In this tutorial, we show how you can use sktime with [tsfresh](https://tsfresh.readthedocs.io) to first extract features from time series, so that we can then use any scikit-learn estimator.

## Preliminaries
You have to install tsfresh if you haven't already. To install it, uncomment the cell below:

In [1]:
# !pip install --upgrade tsfresh

In [2]:
import numpy as np
from sklearn.model_selection import train_test_split
from sklearn.ensemble import RandomForestClassifier
from sklearn.pipeline import make_pipeline
from sktime.datasets import load_basic_motions
from sktime.datasets import load_arrow_head
from sktime.transformations.panel.summarize import \
    TSFreshFeatureExtractor

  return f(*args, **kwds)
  return f(*args, **kwds)
  return f(*args, **kwds)
  return f(*args, **kwds)
  return f(*args, **kwds)
  return f(*args, **kwds)
  return f(*args, **kwds)


## Univariate time series classification data

For more details on the data set, see the [univariate time series classification notebook](https://github.com/alan-turing-institute/sktime/blob/main/examples/02_classification_univariate.ipynb).

In [3]:
X, y = load_arrow_head(return_X_y=True)
X_train, X_test, y_train, y_test = train_test_split(X, y)
print(X_train.shape, y_train.shape, X_test.shape, y_test.shape)
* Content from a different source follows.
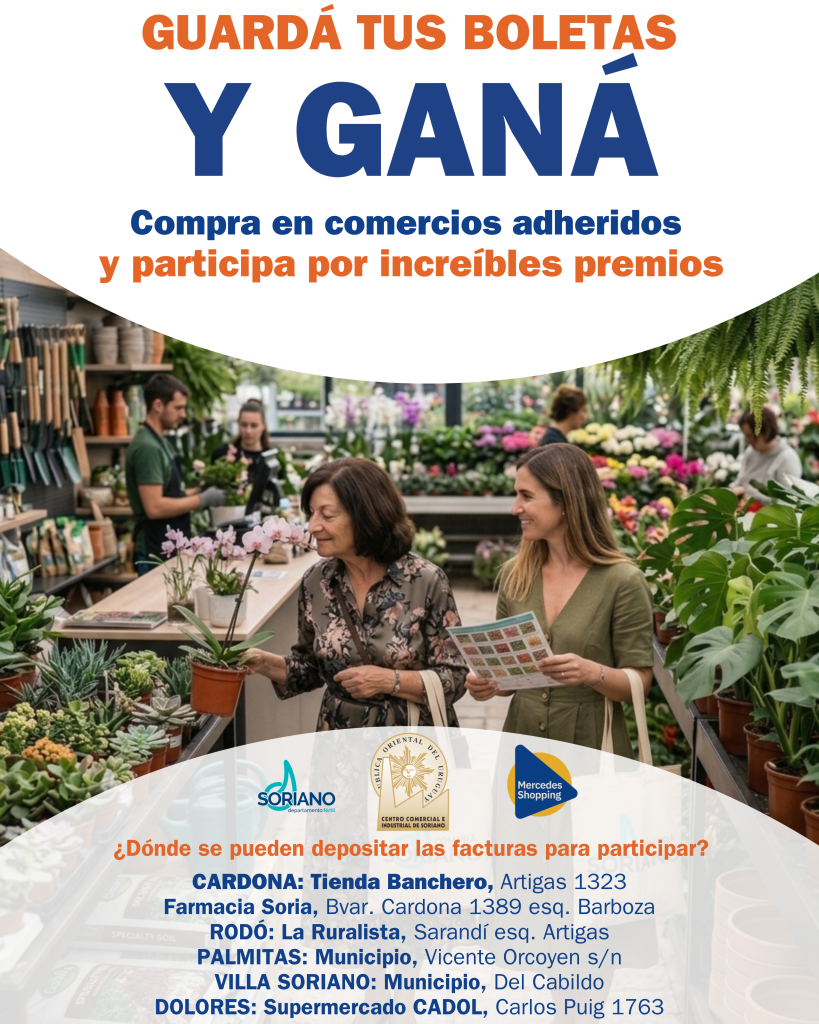 El Centro Comercial e Industrial de Soriano con el apoyo de Mercedes Terminal Shopping y de la Intendencia de Soriano realiza la promoción COMPRÁ SORIANO con el objetivo de fomentar el consumo en los comercios del departamento. DURACIÓN La presente promoción tiene una duración de 3 meses iniciando el 1 de abril del 2026 y […]

(158, 1) (158,) (53, 1) (53,)


In [4]:
X_train.head()

Unnamed: 0,dim_0
105,0 -1.6758 1 -1.6742 2 -1.6674 3 ...
120,0 -2.0683 1 -2.0494 2 -1.9998 3 ...
42,0 -1.9921 1 -2.0144 2 -1.9611 3 ...
49,0 -1.7647 1 -1.7483 2 -1.6966 3 ...
63,0 -2.0341 1 -2.0299 2 -1.9880 3 ...


In [5]:
# binary classification task
np.unique(y_train)

array(['0', '1', '2'], dtype=object)

## Using tsfresh to extract features

In [6]:
# tf = TsFreshTransformer()
t = TSFreshFeatureExtractor(default_fc_parameters="efficient", show_warnings=False)
Xt = t.fit_transform(X_train)
Xt.head()

  warn("Found non-unique index, replaced with unique index.")
Feature Extraction: 100%|██████████| 5/5 [00:11<00:00,  2.20s/it]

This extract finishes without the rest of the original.